Councilmember Rosie Mendez, whose East Village/Lower East Side district contains the Grand Street Settlement, the Henry Street Settlement, The Meltzer Towers Senior Center and the Baruch Addition Senior Citizen Center, said she remains alarmed at the situation, despite the restoration of funds to NYCHA’s budget.

“It’s sort of like a mixed blessing,” the councilmember said. “Eighteen million [dollars] helps keep 75 community or senior centers open out of 280, but that amount is clearly not what the Housing Authority needed.”

Mendez said she was glad the City Council was able to save some of these centers.

“But,” she added, “I’m very alarmed about how we’re going to go about the closure of 200-plus centers.”

Also condemning the new budget was Assembly Speaker Sheldon Silver, who represents the Lower East Side and Lower Manhattan, who said the city wasn’t keeping its “promise” to make sure that the elderly and poor get all the services they need.

A Silver spokesperson said, “The speaker objects to cuts in the city budget for not-for-profits that provide important and much-needed services to seniors and other vulnerable people in the city.”

Seniors at one NYCHA building told The Villager the new budget compromise did not allay their fears that the center they attend would be closed.

At the Meltzer Towers Senior Citizen Center, 91 E. First St., Harry, a wheelchair-bound senior who declined to give his last name, said, “Talk is cheap. When I get an official notice from the New York City Housing Authority that this center won’t be closed, then I’ll believe it. I want to see it in black and white in my mailbox.”

Carlos, another Meltzer senior who also asked that his last name not be used, fully agreed with his friend.

“I don’t want to hear about any deals at City Hall,” he said. “It’s a lot of blah, blah, blah. First, they say the centers are going to be closed, and now they say they’re not. There’s a lot of rumors going around. I’ll wait and see.”

However, among the more youthful users of NYCHA-sponsored programs the reaction was a bit more positive.
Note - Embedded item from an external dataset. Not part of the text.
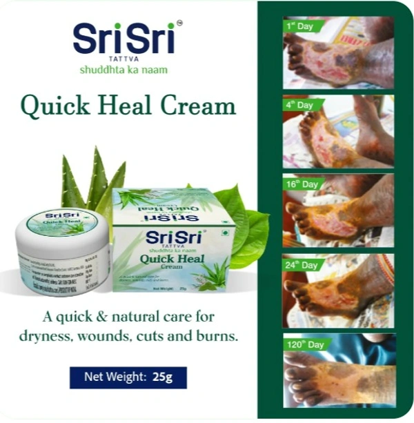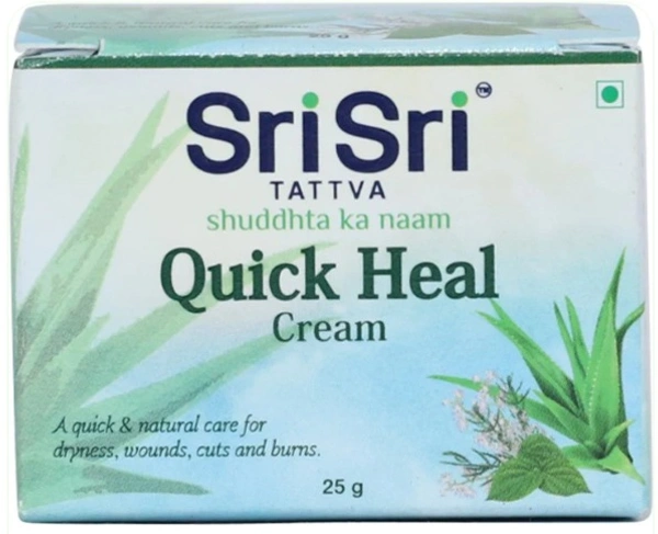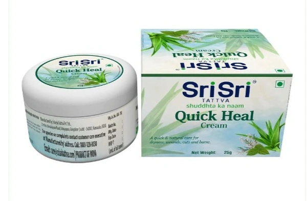 Sri Sri Tattva Quick Heal Cream is made from Ayurvedic ingredients. It is a versatile cream that can be used on cuts, scrapes, burns, eczema, psoriasis, topical allergies, rashes and a selection of other skin complaints and problems.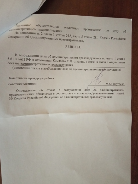 Ко мне сегодня заявился товарищ и принёс аж целых ПЯТЬ определений об отказе в возбуждении дел об административных правонарушениях предусмотренных ч. 1 ст. 5.61 КоАП РФ (оскорбление) .

Julio Companos, 19, a regular at the graffiti-painted Pedro Albizu Campos Community Center, 611 E. 13th St., said he doesn’t read the newspapers much, but as long as the doors to the center stay open he is happy.

“All kinds of stuff goes on here,” he said, standing outside the center with a group of his friends. “It keeps me off the streets at night. There’s ping pong, and basketball, and pool tables.”

Companos pointed to a children’s garden outside the center where youngsters who attend the center had planted a variety of flowers and shrubbery.

“Even the kids get to do things here,” he said.